На мгновение я опешил, судорожно вспоминая, кто же такая эта Хитер. Еще в те далекие времена, когда Джоан ходила в детский садик, в доме постоянно появлялись юные леди, все как одна с изысканно-вычурными именами: Ким, Дарси, Грир, Аллис (с двумя «л»), Кандейс, Эрика, Стейси, Кристал и… да, кажется, Хитер. Мне порой приходило в голову: а куда же подевались нормальные старомодные имена вроде Мери, Джин, Джоан, Нэнси, Алиса (с одним «л») и Бетти?

— Хитер? — переспросил я.

— Да, Хитер.

Я с трудом вспомнил пухленькую девчушку с мышиного цвета волосами и темно-карими глазами, которая, по крайней мере в возрасте лет шести, имела пренеприятную привычку проливать потоки слез каждый раз, как ей предлагали переночевать в нашем доме. Мне никак не удавалось представить эту рыдающую малышку в том образе, который возникает при слове «потаскушка». Это подозрительная личность, которая подпирает угол дома, помахивает атласной сумочкой и зазывающе подмигивает проходящим мужчинам, предлагая им поразвлечься.

— Все говорят, что она — потаскушка, — заявила Джоан.

— Кто — эти «все»?

— Все.

На языке Джоан «все» означало — все девочки восьмого класса.

— А ты сама как думаешь? — спросил я.

— Ну, она, может, и приударяет кой за кем, так что из этого? И остальные — тоже.

На языке Джоан «приударять» означало — быть в дружеских отношениях с существом противоположного пола; «все остальные» — группа не по летам развитых девиц.

— Только не я, — поспешно добавила моя дочь, усмехнувшись, но тут же посерьезнела. — Дело совсем не в том, потаскушка она или нет, просто мне не нравится, когда о ней говорят, что она — потаскушка, а наверняка ничего не знают, — вот я о чем.

— Эта Хитер — твоя близкая подружка?

— Совсем нет.

— Но все же подружка?

— Вообще-то говоря, совсем даже не «подружка». Понимаешь, мы просто здороваемся при встрече, вот и все. Видишь ли, она не очень-то привлекательная, пап. Она толстая и… ну, в таком заведении, как «Святой Марк», куда так трудно попасть, пусть даже это и не «Бедлоу», к ней относятся как к дурочке. А уж как она разговаривает! Жуть как ругается, даже больше других девчонок, — в «Святом Марке» этим никого не удивишь, ругаются почем зря, только и слышишь: «дерьмо», «сучка», «трахаться», «ссать», — это все нормально, понимаешь? Но Хитер уж слишком перебарщивает, как будто старается всем доказать, какая она взрослая, понимаешь, что я хочу сказать?

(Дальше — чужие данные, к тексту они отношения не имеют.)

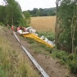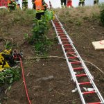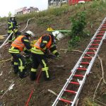 Nachdem der Höhenunterschied von ca. 15 Metern mit Leiterteilen überwunden war, wurde der Fahrer patientengerecht mit technischem Gerät befreit und mittels Schleifkorbtrage nach oben befördert und dem Rettungsdienst übergeben. Er wurde notärztlich behandelt und mit dem RTH in ein Krankenhaus verbracht.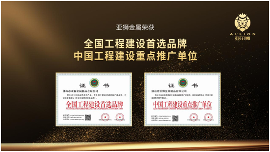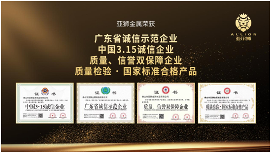 正是这份初心、信念,让亚狮金属屡屡受到政府、业界、经销商和客商的肯定,不断收获荣誉。荣誉的加持,让亚狮以更高的要求约束自已,在品牌建设上行稳致远。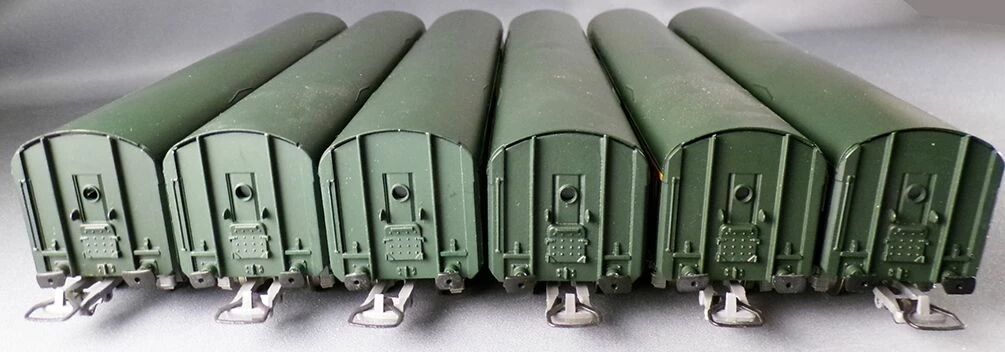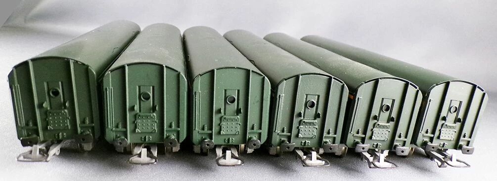 Green livery, green roof. No interior, metal wheels, universal couplers. Length 216 mm. Mi,t in original box, complete, buffers ok, unsed, complete, buffers ok, boxes are in good condition, the tricolour boxes are complete with all flaps, ther is writing on the red lid of ref 5104.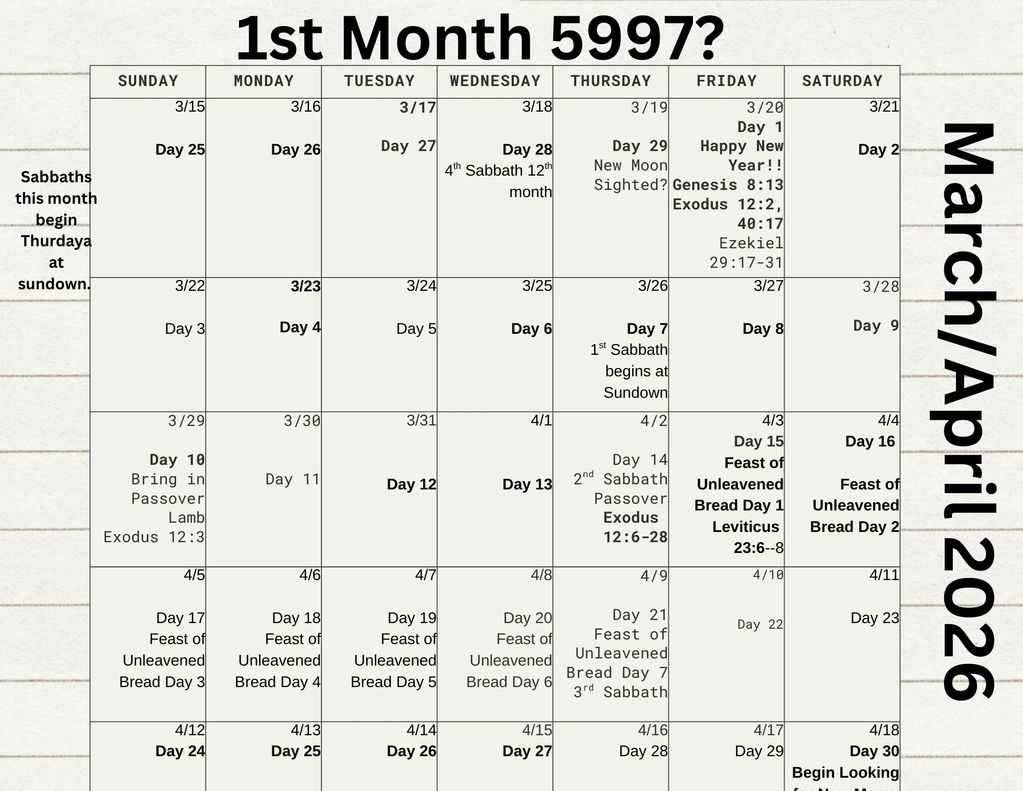 Do you know what today 📆is⁉️ Getting in alignment with Biblical times & seasons! Here is the calendar for the 1st month. Remember we have Passover, First Fruits & Feast of Unleavened Bread this month.
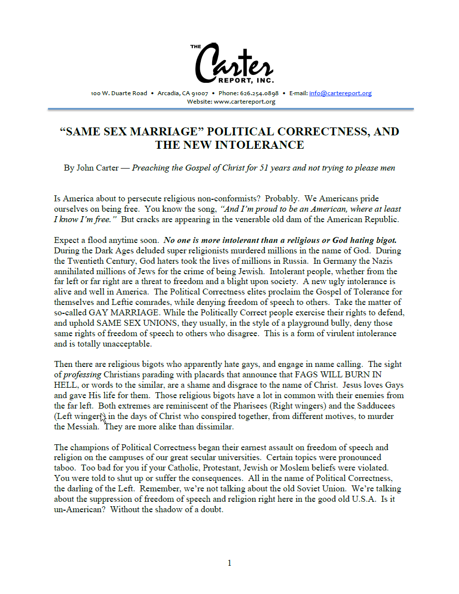“SAME SEX MARRIAGE” POLITICAL CORRECTNESS, AND THE NEW INTOLERANCE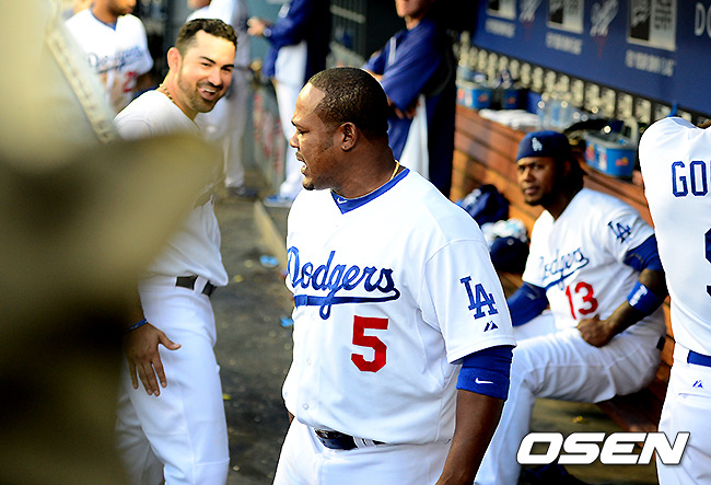 5회말 1사 3루에서 다저스 유리베가 중견수 플라이로 물러 난뒤 더그아웃에서 동료선수들의 장난에 기분나빠 하고 있다./jpnews@osen.co.kr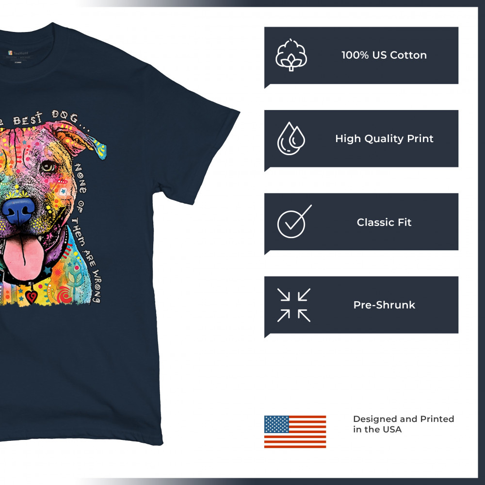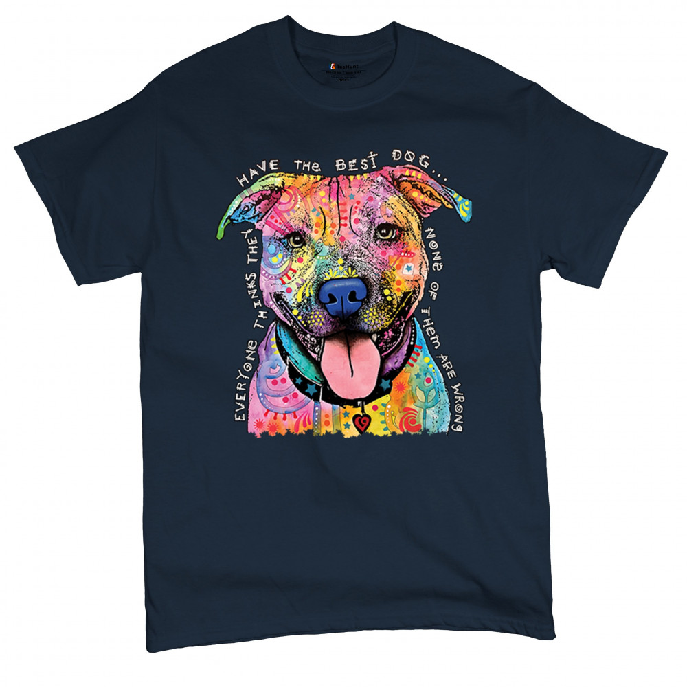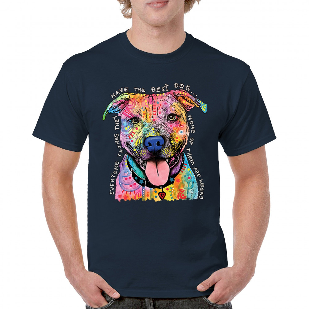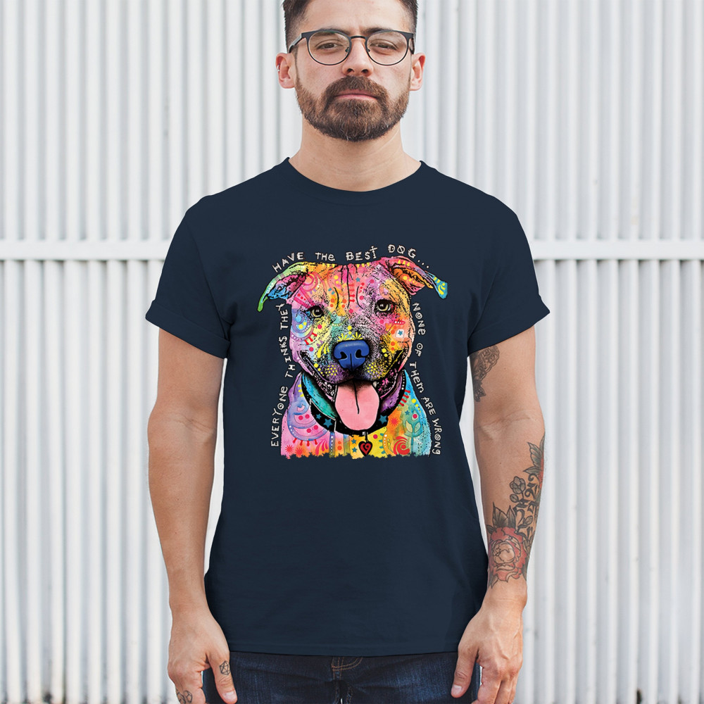 DEAN RUSSO COLORFUL PIT BULL t-shirt everyone has best dogs men's tee navy blue

Я еще не пришел в себя от потока ругательств, мимоходом вставленных в рассказ моей четырнадцатилетней дочерью.

— Папа? — позвала она.

— Угу.

— Понимаешь, что я хочу сказать?

— Конечно, она…

— Она просто из тех, кто занимается показухой, понимаешь меня?

— Угу.

— Но ведь от этого она не стала потаскушкой, верно?

— Необязательно.

— Я хочу сказать, даже если она и встречается кой с кем, — ведь наверняка никто ничего не знает.

— А «кой с кем» — это сколько же?

— Ну… не с одним мальчиком. Не только с тем мальчиком, с которым встречается постоянно, может, с двумя или с тремя. Или даже с четырьмя.

— Понятно. — Я не отважился спросить, что же в таком случае означает: «с кем попало».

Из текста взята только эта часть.